Всеволод Петрович смотрел на его тугой, широкий зад, на поросшую черным волосом высунувшуюся из-под рубахи часть спины и содрогался от отвращения. Неужели Универсум, сотворив на Земле жизнь, отступился, пустил все на самотек? Иначе невозможно объяснить. Я десятилетия положил на изучение сердца, на то, чтобы хоть чуть-чуть продлить его биение, но вот является в мир такой вот... и спокойно протыкает его ножиком. Со сладострастием протыкает, с наслаждением! Что это, патология? Или такое тоже необходимо для поддержания какого-нибудь там равновесия? Зачем это, Универсум!?
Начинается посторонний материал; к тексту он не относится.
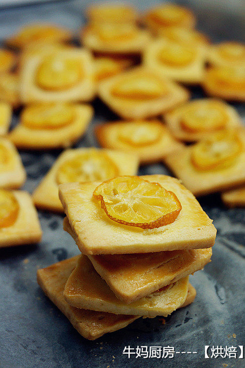 如果想吃脆香的这款饼干,那可以将金桔切片后,入烤箱低温先烤制10分钟,再拿来码在饼干表面,进行二次的烤制。

Вскинул он голову, чтобы посмотреть в пространство, в беспредельность, спросить, однако уперся взгляд его в сырые разводы потолка, в блеклые стены — не было в них никакой отдушины, и не у кого было спросить. Взгляд по ним пробежал и опять против воли остановился на жирной спине убийцы. «Я сойду с ума от ненависти, если придется сидеть с ним три дня в этой камере!» — подумал он.

* * *

Было море и пляж, было солнце и белый, хрустящий под ногами песок. Всеволод Петрович с наслаждением погружал голые пятки в его податливую шелковистую твердь и щурился на зеленовато-прозрачные, завитые прибоем волны, предвкушая момент, когда окунет в них свое истомленное тело. И были пальмы. Да, были. Но вдруг на ясном, без единого облачка небе прогрохотали громы, полыхнули металлические молнии, и все исчезло.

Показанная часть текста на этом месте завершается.